Clem Forster always thought of himself as good Sheriff. He was patiently, clever, fast and thorough.
Since he had taken over the office from Roy Coffee he had managed everything that came his way.
Nevertheless he was glad for this storm.
In opposite to the most inhabitants in and around Virginia City, for Clem a storm was a time out.
Equally how hard you were as a bad boy, if you had the possibility to choose you would always select the day for your bank robbery when your underpants would stay dry.

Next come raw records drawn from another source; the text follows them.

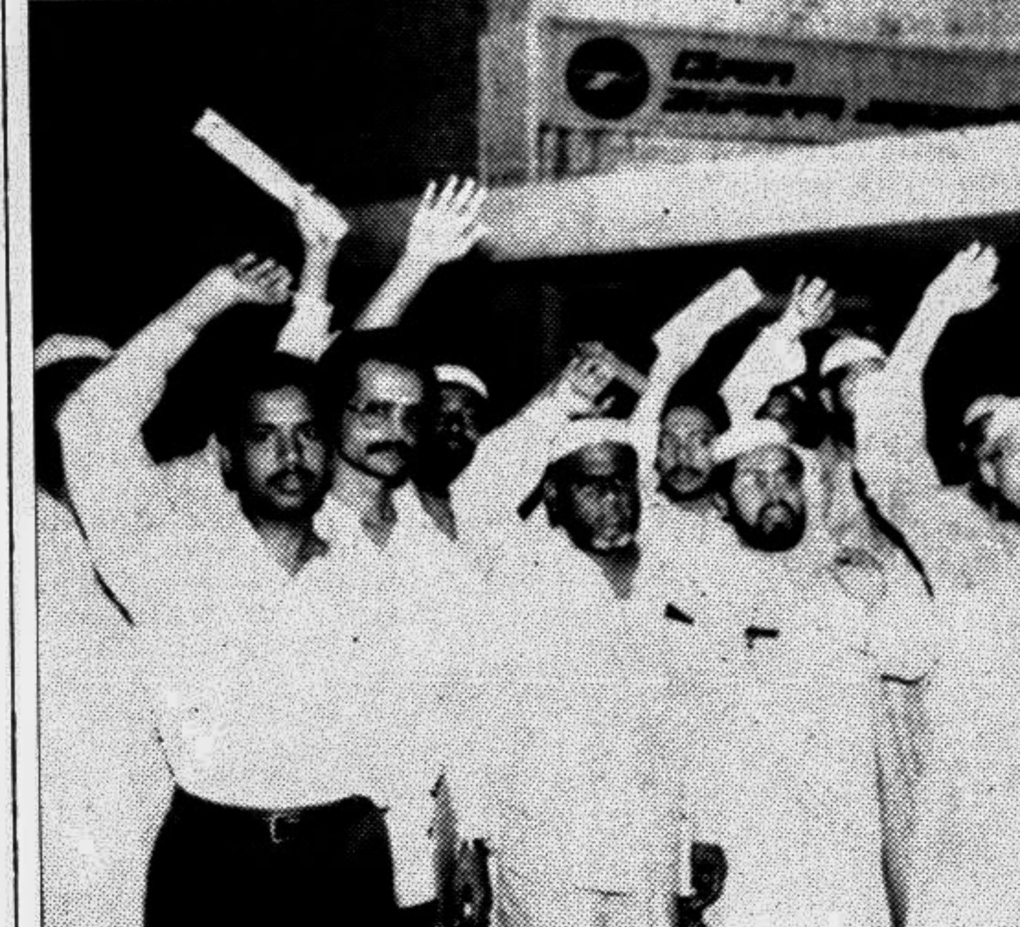
Intending Hajj pilgrims vent their anger demonstrating in front of Bangladesh Biman office after failing to get their flights confirmed. Some 2800 non-ballotees wishing to perform hajj, who obtained visa and bought tickets, are waiting for their flights, which the national airline is yet to organise.

'You are not alone, we are with you,' she told the pavement vendors and called upon all to rally round the banner of BNP to free the country from the 'clutches of conspirators.'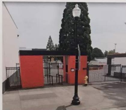
BHS Entry with Ticket Booth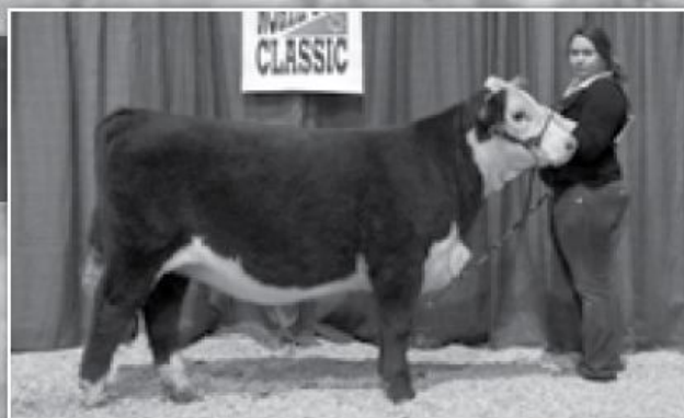
Sold in the 2017 North Star Classic Hereford sale Heifers of this quality will sell Dec. 1, 2018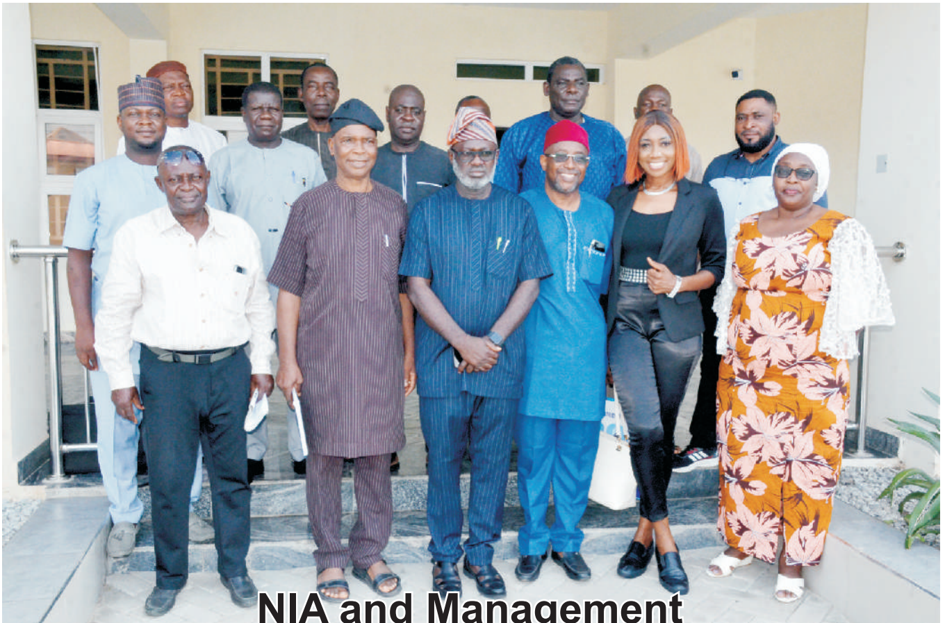
NIA and Management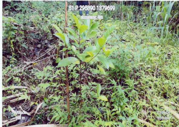
Geotagged Photos before the Monitoring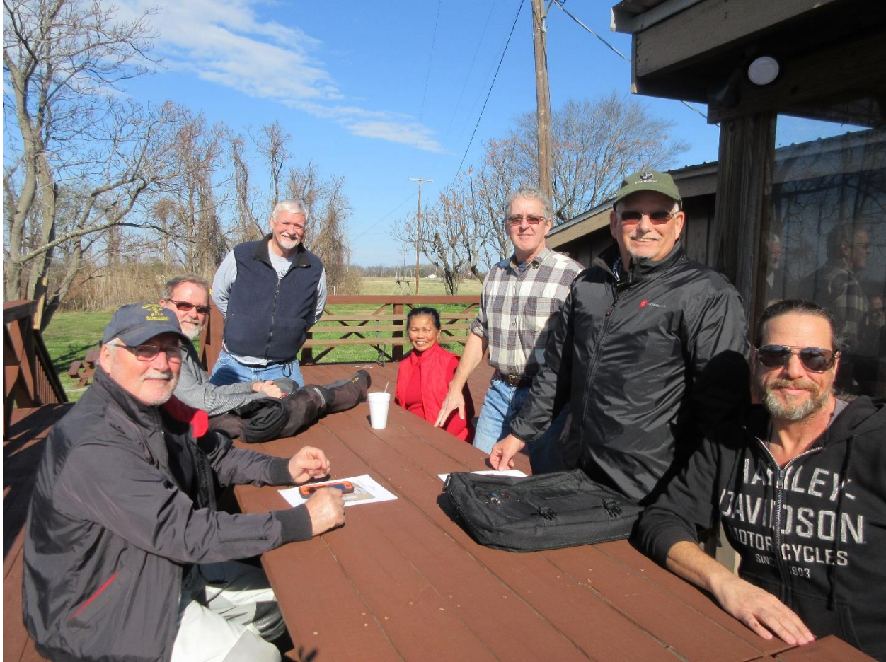
Lake DeGray Lodge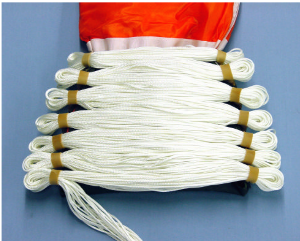
Fig 12 Diaper closed rigging lines stowed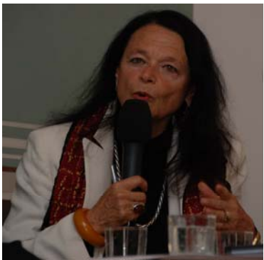
Anne Waldman

During the Prague Writers Festival, the American Center hosted two events with notable writers and cartoonists. On Wednesday June 10th three renowned poets discussed politics, identity and culture. Coming from very diverse regions and backgrounds, American Anne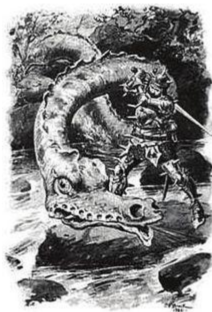
Illustration of John Lambton battling the Worm

See en.wikipedia.org/wiki/Royal_Army_Medical_Corps .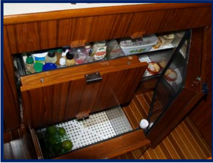
Sub Zero Drawer Refrigeration and Freezer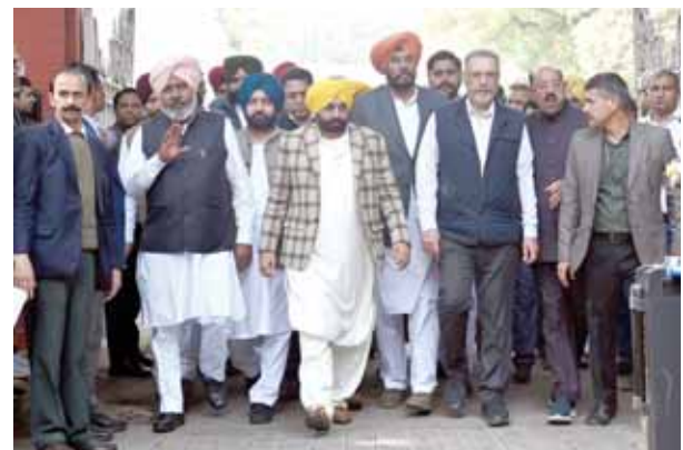
Punjab CM Bhagwant Mann with AAP MLAs talks to the media after a meeting at the Kapurthala House.

Amidst reports of exodus of MLAs, Aam Aadmi Party (AAP) convener Arvind Kejriwal met Punjab chief minister Bhagwant Mann and 91 state MLAs in Delhi on Tuesday and dismissed speculation of internal discord within the party stating that "all is well" in the party. After the meeting, which lasted for about an hour, Mann and other leaders outright rejected the possibility of Kejriwal becoming the Chief Minister of Punjab and about 35 MLAs in Punjab breaking away and joining the Congress. "Our MLAs arrived here for a meeting with party national convener Arvind Kejriwal, who expressed his gratitude for their efforts in campaigning during the Delhi Assembly elections," the chief minister said. He said the party accepts the verdict of the people in the Delhi Assembly elections while praising the AAP's 'Delhi model' of governance. The meeting sent out a strong signal about there being no threat to the party's government in Punjab amid claims by the rival Congress about a brewing discontent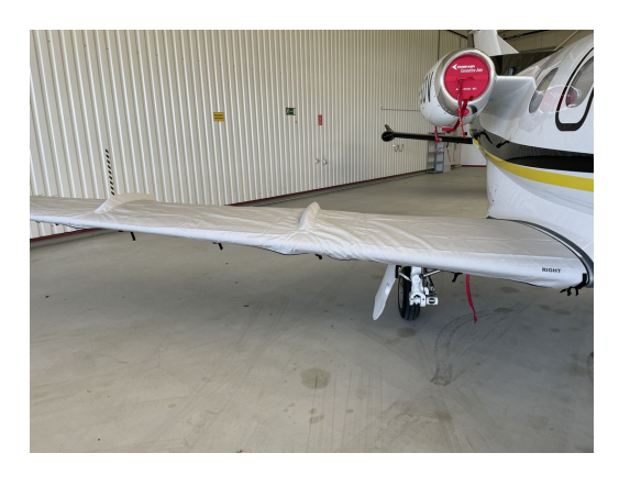
Embraer Phenom 100 Canopy/Nose Cover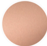
Satin Copper - Base/Hardware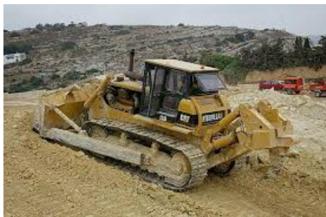
Caterpillar D8 Doser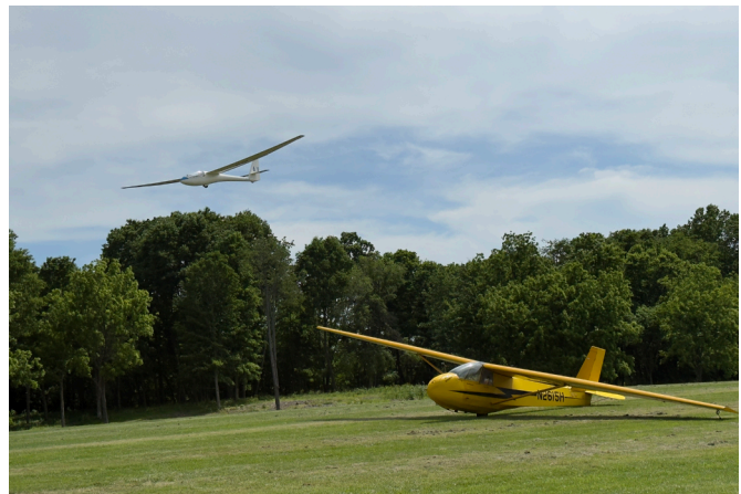
Chuck L (6V) Landing after 2.5 Hrs Flight 5/30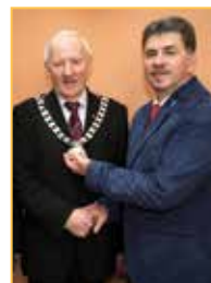
Southern Regional Assembly Page 105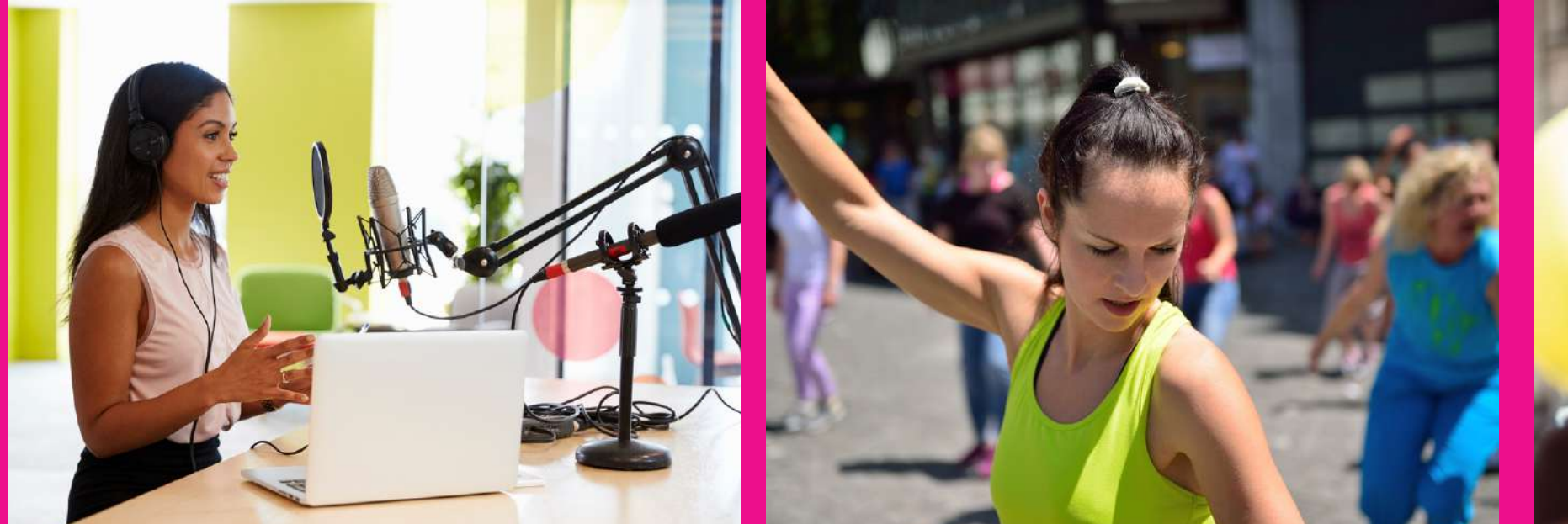
Create a podcast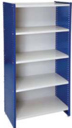
V2-9 Commercial Shelving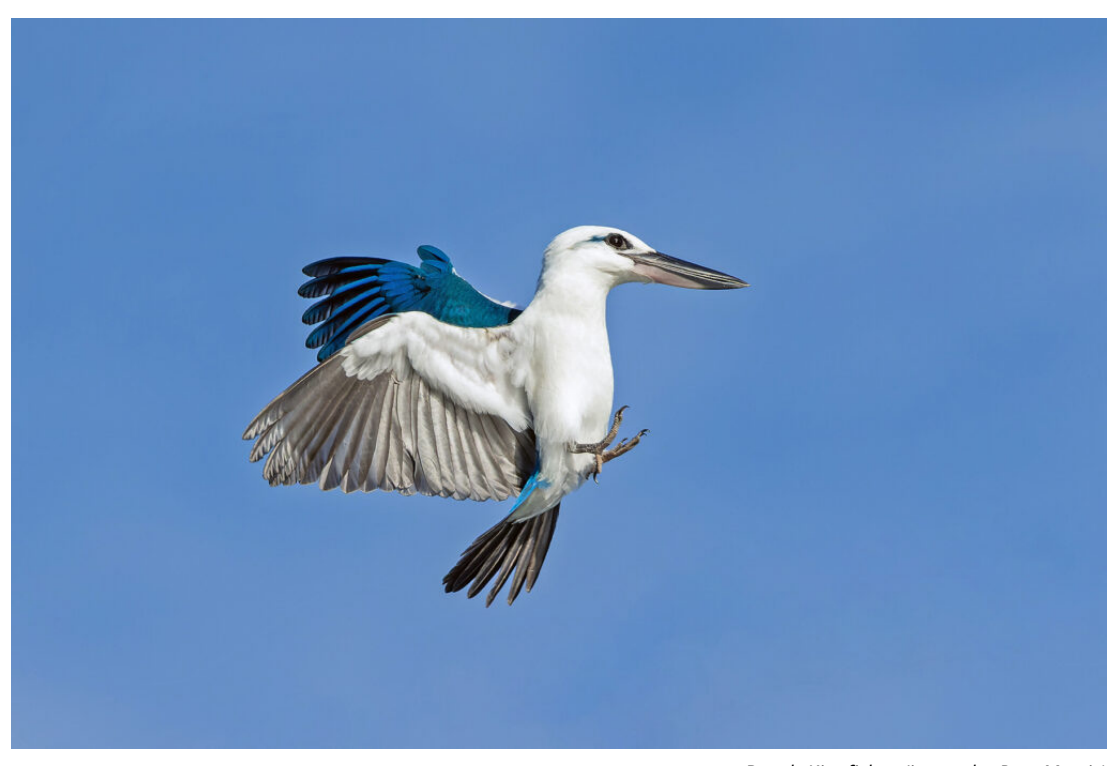
Beach Kingfisher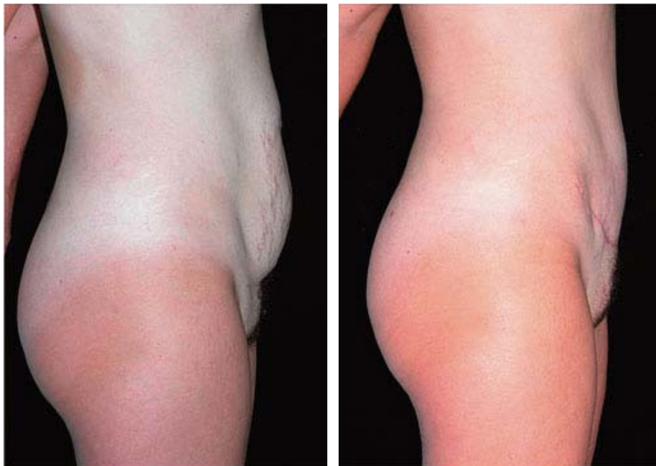
42 Year Old Woman after 3 Children. Before and Six Months after Ipanema Tummy Tuck.

Compared to traditional liposuction or the more aggressive power-assisted liposuction, laser-assisted liposuction is less traumatic. The laser energy of Smartlipo “melts” the fat, converts it into a liquefied state and requires much less suction to remove the liquefied fat. In addition, the laser energy coagulates small blood vessels leading to less bleeding during the procedure and less bruising afterwards. The laser energy also stimulates new collagen production and has a tightening effect on the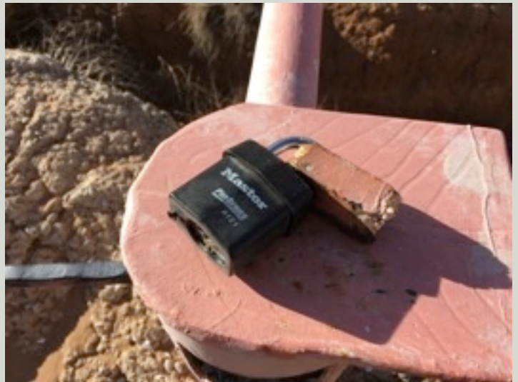
Lock & Lock Bolt broken from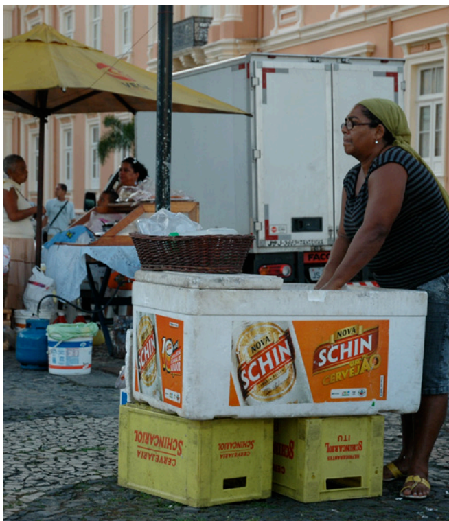
A street vendor in Salvador, Brazil.

area. In numbers this reflects a decrease of around 5.8 million workers nationally.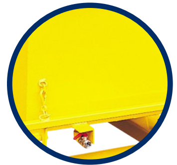
Drain Tap & Filter

Allows skip to be lifted by overhead crane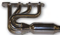
CBM ECOTEC HEADER WITH MUFFLER

LS1, LS3, LS6, LS7, LSX, L92, 241, 243, 823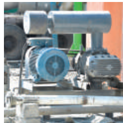
BULKER UNLOADING SYSTEM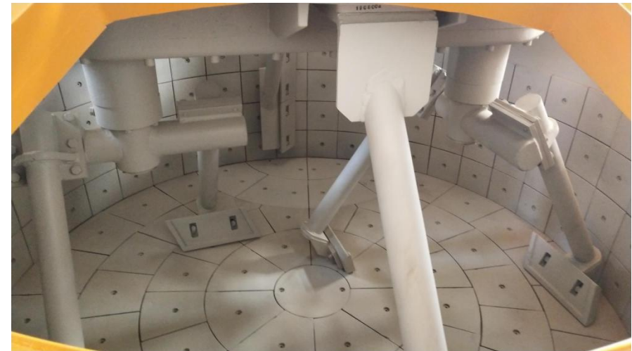
The counter-current mixing device makes the complex mixing locus and high efficient result. The reasonable load distribution of gearing system gives fast and thorough discharging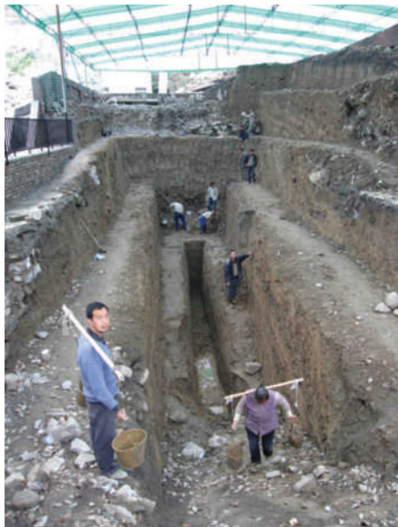
Delving into earthquake history at Bailu.

Even as construction cranes rise from town centres, the landslide-scarred mountains above tower ominously. More than one-fifth of the people who died in the quake were killed by landslides or mud flows, says Cui Peng, a geomorphologist at the Institute of Mountain Hazards and Environment in Chengdu. Precise numbers are hard to tally — the affected area sprawls over 130,000 square kilometres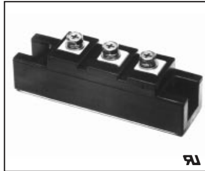
CD410830 Dual Diode POW-R-BLOK™ Modules 30 Amperes/800 Volts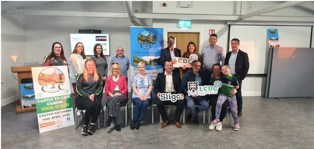
Members of Sligo County Council and Sligo LCDC with the Project Promoter (Eastern Harps GAA) at the Launch of the Castle to Cave Camino on 29.3.22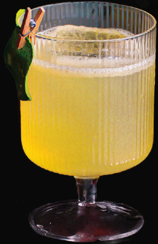
Điện Biên Phủ

*Prices are subject to 10% VAT and 5% Service Charge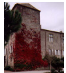
Chateau de Cavanac

* Accommodations (all tentative till registrations start coming in and the hotels are reserved) We will stay at Chateau de Cavanac with magnificent buffet breakfasts; in a Spa Hotel in the Pyrenees; 1 night near Toulouse airport at the end. ALL accommodations depend on availability.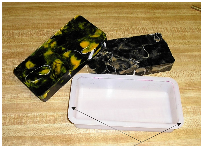
Flange of mold

When the ribbon is totally cured (stiff, like Fritos and generally allowed to sit overnight). The colors are now ready to be mixed.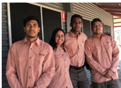
Students model the new Yiramalay uniform introduced in 2018

In 2018, nine students graduated from their programs within the Senior Years Learning Framework Standard Level, and one student from their program within SYLF Advanced Level.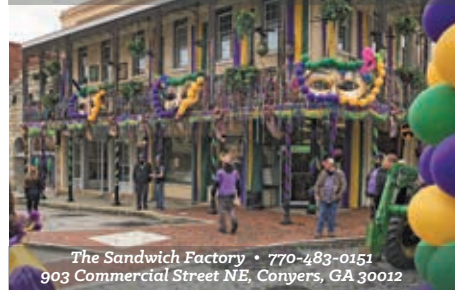
The Sandwich Factory • 770-483-0151 903 Commercial Street NE, Conyers, GA 30012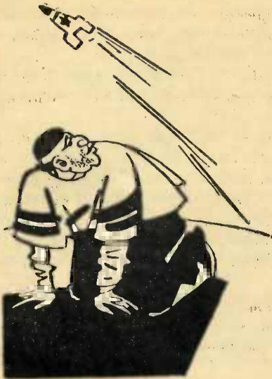
The Ensnaring Nets of Judaism Are Being Torn Up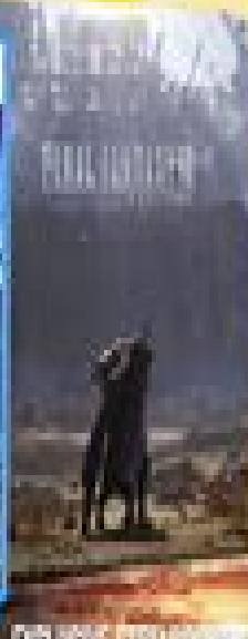
EXCLUSIVE MIDGAR BANGLE

So Clem had been sitting in his office, with a nice cup of coffee and the last of the paperwork, when suddenly a very wet, very muddy Joe Cartwright came bolting through the door.
Clem had signed.
How had Roy put it: "A Cartwright never makes problems, he gets them for free."
He had spent a notable amount of time trying to calm Joe down – who told a completely incoherent story about a collapsed bridge, a new bridge (but not a real one), buyers for a mine and contract killers- but Joe was having none of it.
The youngest Cartwright son wasn´t a liar. Not in that sense. He just let himself get tangled up in strange matters and sometimes certain parts of his brain were more tangled than others.
Clem had toyed with the idea of letting Joe cool down in one of his comfy cells for some hours… a day tops, when the Cartwright said:" Look Clem, I´m not drunk. You come with me, and I´ll show it to you. If you still believe its gibberish after that … I´ll clean the jail for a month."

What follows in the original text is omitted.